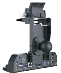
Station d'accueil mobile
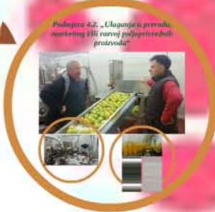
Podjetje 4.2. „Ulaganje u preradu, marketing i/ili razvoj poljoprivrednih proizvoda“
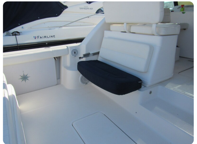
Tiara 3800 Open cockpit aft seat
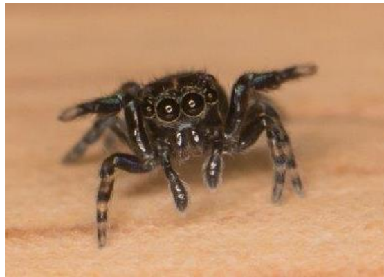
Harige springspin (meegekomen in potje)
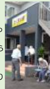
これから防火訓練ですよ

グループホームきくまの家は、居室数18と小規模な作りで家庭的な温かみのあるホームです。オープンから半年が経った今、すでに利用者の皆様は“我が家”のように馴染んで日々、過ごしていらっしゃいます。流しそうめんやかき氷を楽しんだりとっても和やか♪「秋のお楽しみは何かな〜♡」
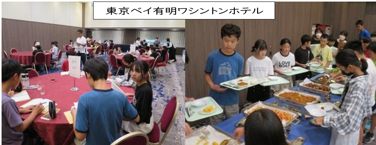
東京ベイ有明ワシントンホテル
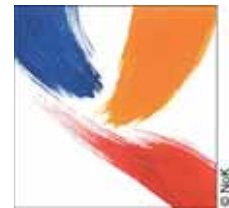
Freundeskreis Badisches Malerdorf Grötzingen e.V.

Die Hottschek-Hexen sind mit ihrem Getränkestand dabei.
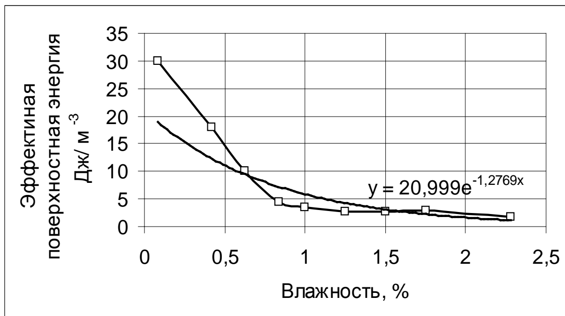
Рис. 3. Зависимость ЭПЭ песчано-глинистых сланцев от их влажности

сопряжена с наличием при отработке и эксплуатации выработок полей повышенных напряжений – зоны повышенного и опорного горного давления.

==

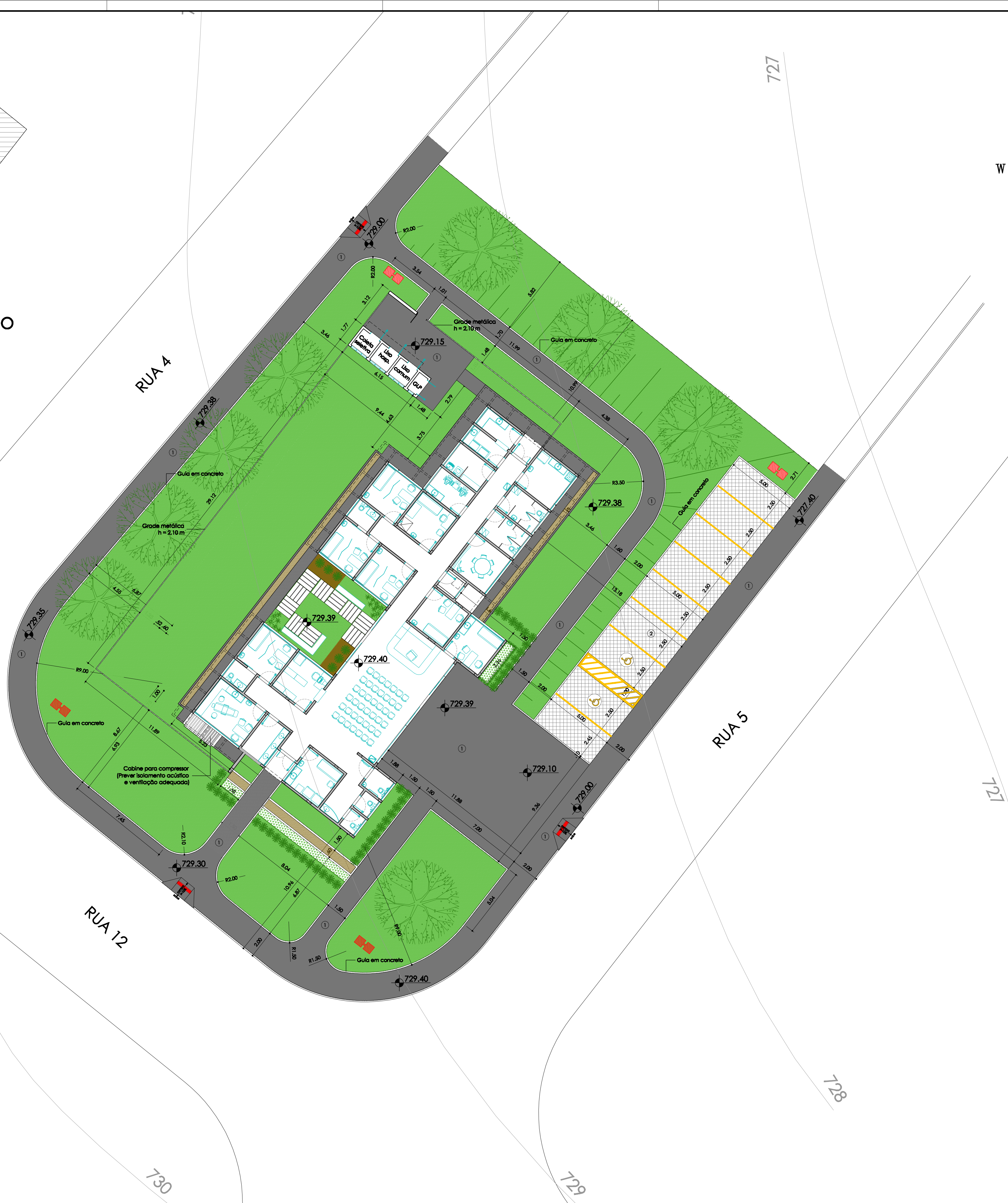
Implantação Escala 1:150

==

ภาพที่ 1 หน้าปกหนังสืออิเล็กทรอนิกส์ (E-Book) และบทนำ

## ACTION ITEM
Write back the stretch of lines above that begins with the line holding "Station d'accueil mobile" and ends with the line holding "сопряжена с наличием", both included, exactly as written. Pictures stay out.

## WRITTEN SOLUTION
Station d'accueil mobile
Podjetje 4.2. „Ulaganje u preradu, marketing i/ili razvoj poljoprivrednih proizvoda“
Tiara 3800 Open cockpit aft seat
Harige springspin (meegekomen in potje)
これから防火訓練ですよ

グループホームきくまの家は、居室数18と小規模な作りで家庭的な温かみのあるホームです。オープンから半年が経った今、すでに利用者の皆様は“我が家”のように馴染んで日々、過ごしていらっしゃいます。流しそうめんやかき氷を楽しんだりとっても和やか♪「秋のお楽しみは何かな〜♡」
東京ベイ有明ワシントンホテル
Freundeskreis Badisches Malerdorf Grötzingen e.V.

Die Hottschek-Hexen sind mit ihrem Getränkestand dabei.
Рис. 3. Зависимость ЭПЭ песчано-глинистых сланцев от их влажности

сопряжена с наличием при отработке и эксплуатации выработок полей повышенных напряжений – зоны повышенного и опорного горного давления.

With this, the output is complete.